Whilst he was just plain old Cardinal (!), His Eminence Joseph Cardinal Ratzinger wrote in Principles of Catholic Theology (pub. Ignatius pp50-51) that the Church itself a sacrament. He reaches three conclusions:
- "The designation of the Church as a sacrament is opposed to an individualistic understanding of the sacraments as a means of grace; it teaches us to understand the sacraments as the fulfillment of the life of the Church; in doing so it enriches the teaching about grace; grace is always about the beginning of union."
- "The designation of the Church as a sacrament thus deepens and clarifies the concept Church and offers a response to contemporary man's search for the unity of mankind:the Church is not merely an external society of believers..."
- "The positive element common to both of these statements is to be found in the concept of unio and unitas: union with God is the content or Grace, but such a union has its consequence the unity of men with one another."

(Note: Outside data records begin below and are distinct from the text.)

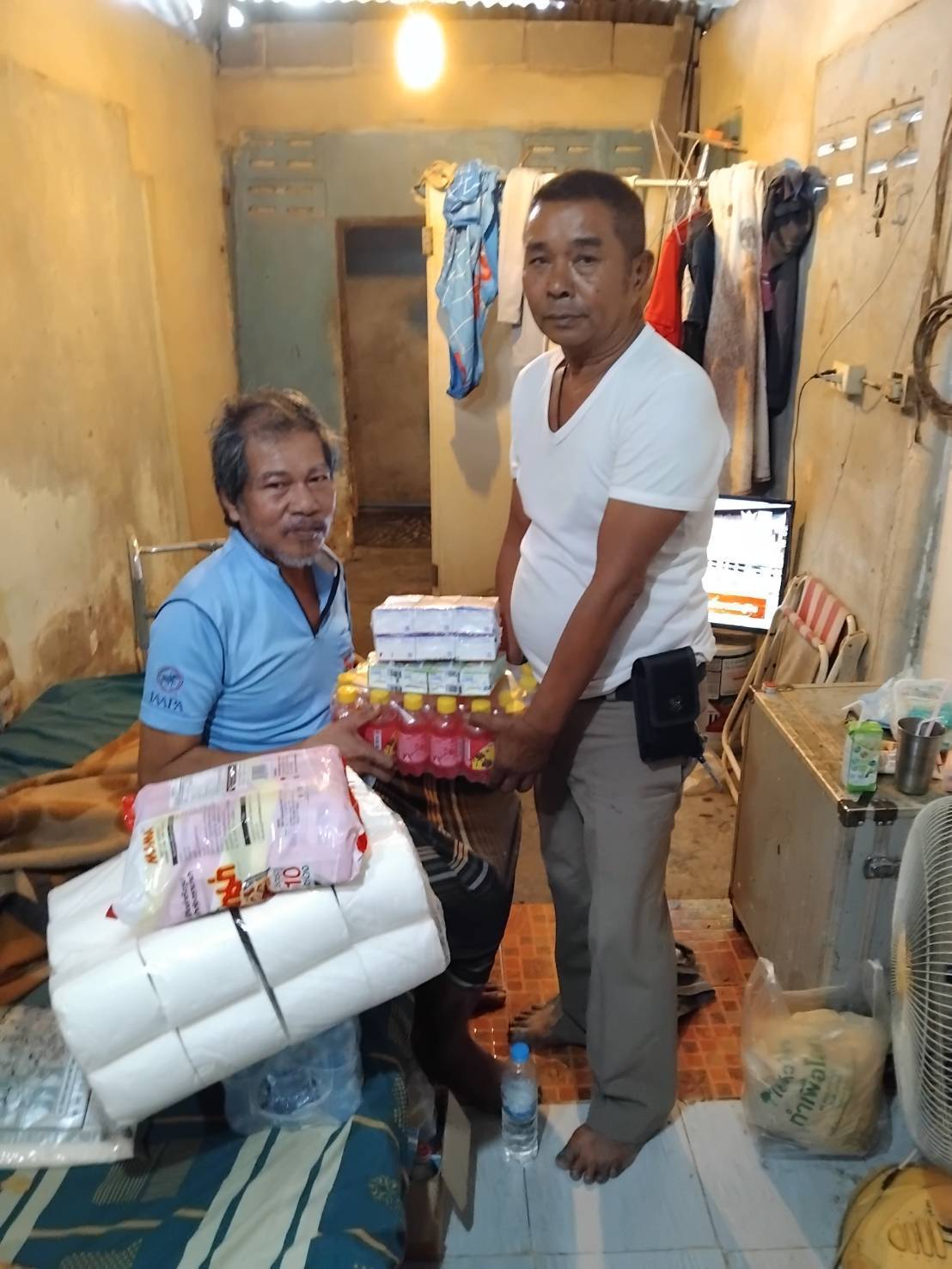 ร.ต.ท.ก้องภพ สระน้อย รองสว.(ป) สน.บางชัน ได้รับข้าวสาร ,อาหารแห้ง และเครื่องอุปโภค บริโภค จากพระครูกฤษณะ กิตุติภทุโท วัดราษฏร์ศรัทธาธรรม(วัดบางชัน) แขวงบางชัน เขต คลองสามวา กรุงเทพฯ เพื่อมอบให้ผู้ป่วย 2 ครอบคร้ว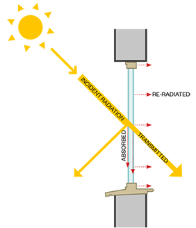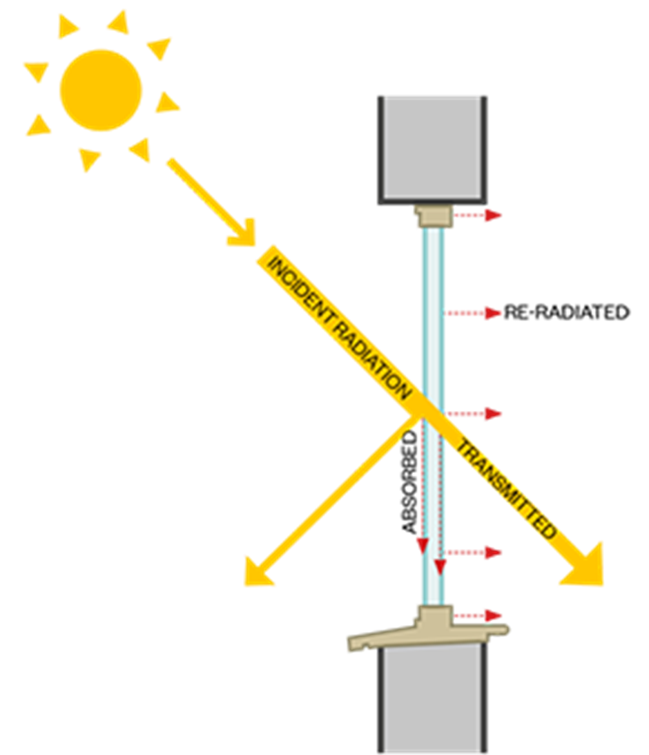 The g-value of glass is used to describe how much solar heat energy (short wave infrared radiation) can pass though a material. It is a factor on a scale from 1 to 0. Where 0 represents no solar gain and 1 represents maximum solar gain. For residential schemes a g-value of 0.5 is optimum. Reducing the g-value to mitigate the risk of overheating is not recommended. This can lead to larger proportions of glazing than is necessary, because glass has a higher conductive heat loss than an insulated wall, large amounts of glazing can greatly reduce the energy efficiency of the building.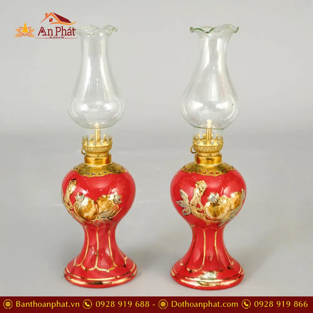 Đèn Dầu Thờ Men Màu Đỏ Đắp Nổi Vẽ Vàng DT777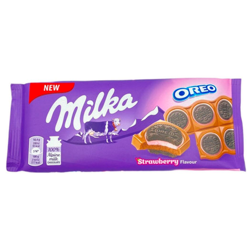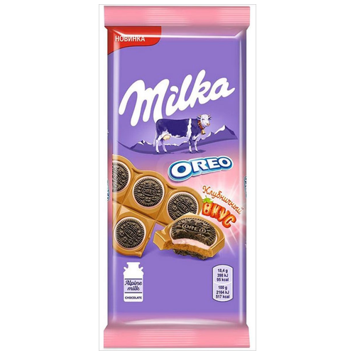 Шоколад молочный Milka с печеньем Oreo со вкусом клубники 92 гр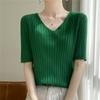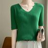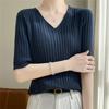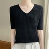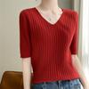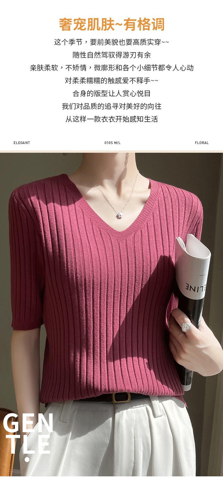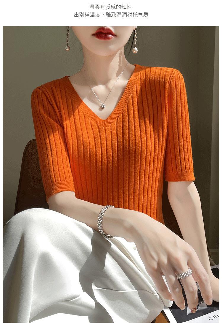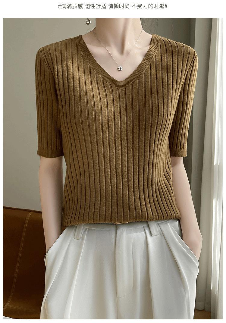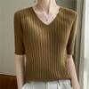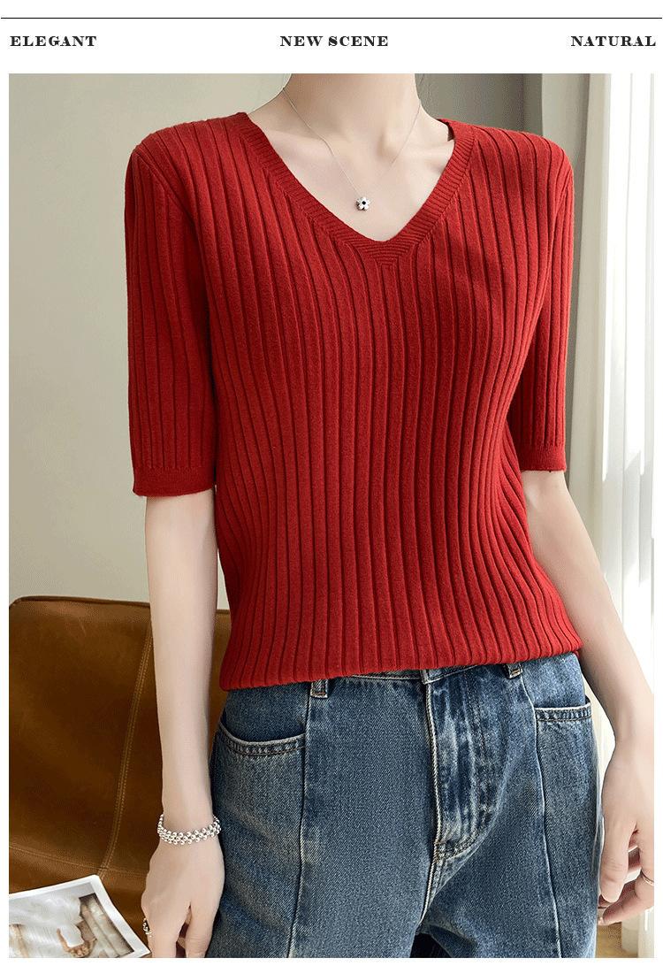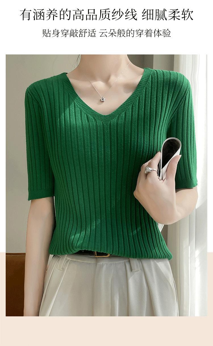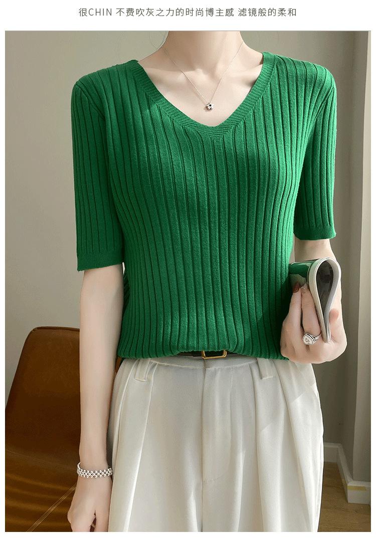Compra Nicho Único y Chic Camiseta de Punto de Manga Corta para Mujer Verano Suéter Delgado con Sentido del Diseño Adelgazante Top de Media Manga al por mayor en Joom.pro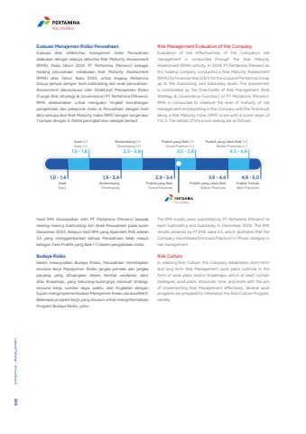 Evaluasi Manajemen Risiko PerusahaanEvaluasi atas efektivitas manajemen risiko Perusahaan dilakukan dengan adanya aktivitas Risk Maturity Assessment(RMA). Pada tahun 2024 PT Pertamina (Persero) sebagai holding perusahaan melakukan Risk Maturity Assessment(RMA) atas Tahun Buku 2023, untuk lingkup Pertamina Group sampai dengan level subholding dan anak perusahaan. Assessment dikoordinasi oleh Direktorat Manajemen Risiko (Fungsi Risk Strategy & Governance) PT Pertamina (Persero). RMA dilaksanakan untuk mengukur tingkat kematangan pengelolaan dan pelaporan risiko di Perusahaan dengan hasil akhir berupa skor Risk Maturity Index (RMI) dengan range skor 1 sampai dengan 5. Detail peringkat skor sebagai berikut: Risk Management Evaluation of the CompanyEvaluation of the effectiveness of the Company's risk management is conducted through the Risk Maturity Assessment (RMA) activity. In 2024, PT Pertamina (Persero) as the holding company conducted a Risk Maturity Assessment (RMA) for Financial Year 2023, for the scope of Pertamina Group up to the Subholding and Subsidiary levels. The assessment is coordinated by the Directorate of Risk Management (Risk Strategy & Governance Function) of PT Pertamina (Persero). RMA is conducted to measure the level of maturity of risk management and reporting in the Company with the final result being a Risk Maturity Index (RMI) score with a score range of 1 to 5. The details of the score ranking are as follows:Hasil RMI disampaikan oleh PT Pertamina (Persero) kepada masing-masing Subholding dan Anak Perusahaan pada bulan Desember 2024. Adapun hasil RMI yang diperoleh PHE adalah 3,5 yang menggambarkan bahwa Perusahaan telah masuk kategori Fase Praktik yang Baik (+) dalam pengelolaan risiko. Budaya RisikoDalam mewujudkan Budaya Risiko, Perusahaan menetapkan rencana kerja Manajemen Risiko jangka pendek dan jangka panjang yang dituangkan dalam bentuk workplan dan/atau Roadmap, yang sekurang-kurangnya memuat strategi, rencana kerja, sumber daya, waktu, dan tingkatan dengan tujuan mengimplementasikan Manajemen Risiko secara efektif. Beberapa program kerja yang disusun untuk menginternalisasi Program Budaya Risiko, yaitu:The RMI results were submitted by PT Pertamina (Persero) to each Subholding and Subsidiary in December 2024. The RMI results obtained by PT PHE were 3.5, which illustrates that the Company has entered the Good Practice (+) Phase category in risk management.Risk CultureIn realizing Risk Culture, the Company establishes short-term and long-term Risk Management work plans outlined in the form of work plans and/or Roadmaps, which at least contain strategies, work plans, resources, time, and levels with the aim of implementing Risk Management effectively. Several work programs are prepared to internalize the Risk Culture Program, namely:1,0 - 1,4AwalEarly1,9 - 2,4BerkembangDeveloping2,9 - 3,4Praktik yang BaikGood Practices3,9 - 4,4Praktik yang Lebih BaikBetter Practices4,9 - 5,0Praktik TerbaikBest PracticesAwal (+)Early (+)1,5 - 1,8Berkembang (+)Developing (+)2,5 - 2,8Praktik yang Baik (+)Good Practice (+)3,5 - 3,8Praktik yang Lebih Baik (+)Better Practices (+)4,5 - 4,8HULU ENERGILaporan Tahunan %u2022 Annual Report 604HULU ENERGI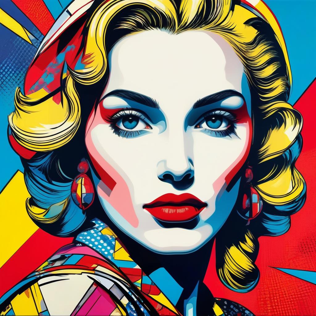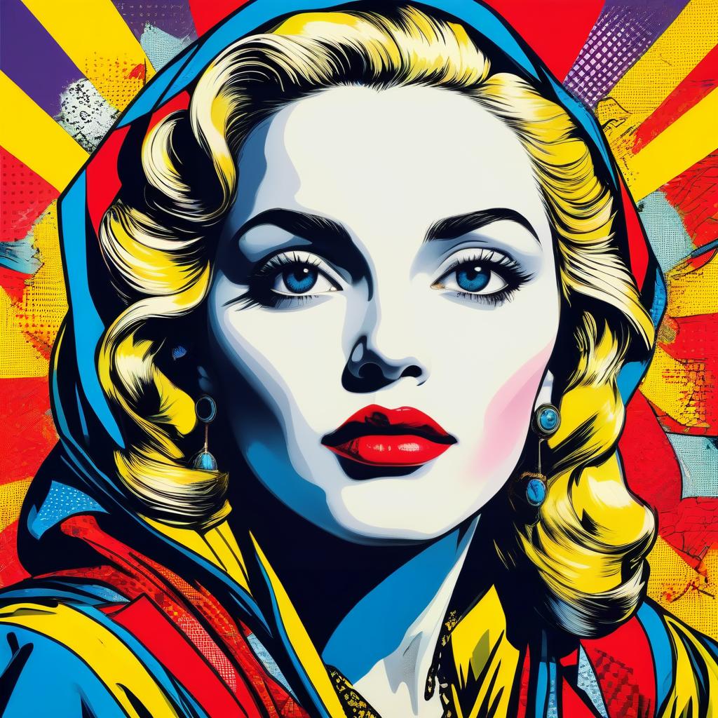 Pop art style portrait of a Madonna in bold, vibrant colors, comic book influence, iconic expression, inspired by Lichtenstein-inspired.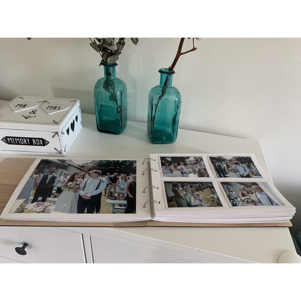 Výsledný počet fotografií závisí na zvoleném formátu fotografií. Pro vizuálně zajímavý a dynamický vzhled doporučujeme kombinovat různé formáty. Album je vhodné i pro instax fotky, fotky různých tvarů, retro fotky malých formátů aj.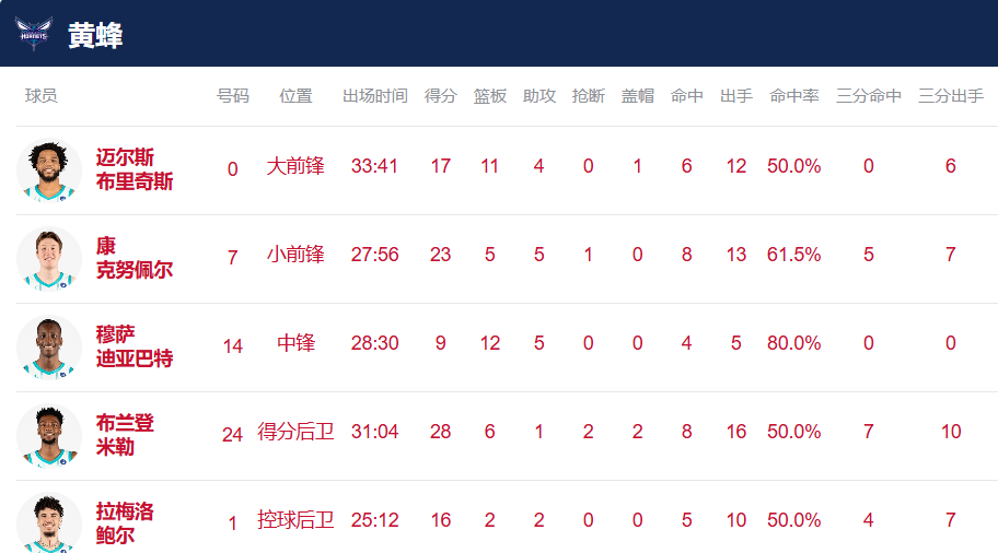 两队先发五虎的表现如下: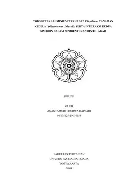 Toksisitas Aluminium Terhadap Rhizobium, Tanaman Kedelai (Glycine Max . Merril), Serta Interaksi Kedua Simbion Dalam Pembentukan Bintil Akar Anantamurti Purwa Hapsari Fakultas Pertanian UGM Konten Lokal Konten Lokal 31162

If the Holy Father is right, then we perhaps should regard the seven sacraments as lesser to the sacrament of the Church. For me, this opens up the possibilities that I have been striving for, namely looking for the "other" outward and visible signs of an inward invisible grace. Though Trent did fix the number of Sacraments at seven, the Early Fathers didn't, and it looks as if under the present Pontificate, the Tridentine understanding is being reinterpreted, and I hope will get rid of the unnecessary idea of "sacramentals" as a lesser sacrament which essentially forms a half-hearted nod to an idea that one thinks correct in practice, but wrong in theory.
1 comment:
Well and good if understood properly. The danger is, as an Anglo-Catholic observed in 1968 when the Anglican-Methodist reunion scheme was up for vote, that one can abuse it to argue that the church can suddenly pronounce all Methodist ministers to be priests, and after that why not declare all Quakers, or non-Christians for that matter, baptised?